Real answers

To the editor:

Gov. Brownback wants Mike O’Neal to define “suitable education.” Brownback says “we have faced repeated legal action because no one knows what a suitable education actually means.” Brownback is willfully ignorant of the Kansas Constitution.

Kansas’ constitution does not require the state to provide “suitable public education” but rather “suitable finance” of public education. Article 6, Section 6, states “The legislature shall make suitable provision for finance of the educational interests of the state.”

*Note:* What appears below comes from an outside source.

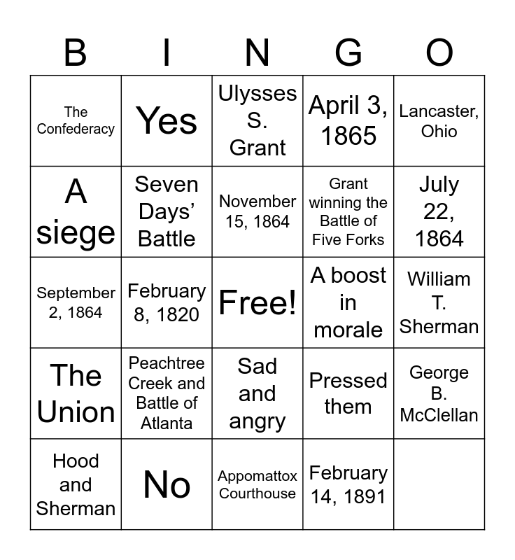 This bingo card has a free space and 24 words: The Union, No, Sad and angry, Pressed them, Lancaster, Ohio, The Confederacy, Yes, Ulysses S. Grant, Grant winning the Battle of Five Forks, George B. McClellan, A siege, Seven Days’ Battle, Lincoln Assassination, A boost in morale, July 22, 1864, Hood and Sherman, February 8, 1820, November 15, 1864, April 3, 1865, William T. Sherman, September 2, 1864, Peachtree Creek and Battle of Atlanta, Appomattox Courthouse and February 14, 1891.

The constitution defines the educational interests of the state in Article 6, Section 1: “The legislature shall provide for intellectual, educational, vocational and scientific improvement by establishing and maintaining public schools.”

The state has already defined “intellectual, educational, vocational and scientific improvement” and has commissioned and conducted multiple cost studies which define the necessary funding.

“Improvement” does not mean stagnation. Nor does it mean scaling back to 1999, or returning to rudimentary reading, ‘riting, and ‘rithmetic; as Speaker O’Neal has implied. Improvement means improvement. The courts are clear on this.

If I thought it might help, I would send Brownback a dictionary and a copy of the Kansas Constitution. Sadly, that would only waste my time and money.

The truth is that Sam Brownback doesn’t like the real answers to these questions; because the real answers don’t fit his anti-public-school, anti-tax agenda. Brownback does not intend to uphold the Kansas Constitution.

By defining “suitable,” Brownback thinks he can exonerate his plan to gut public education and drive our children’s opportunities back to the late 20th century.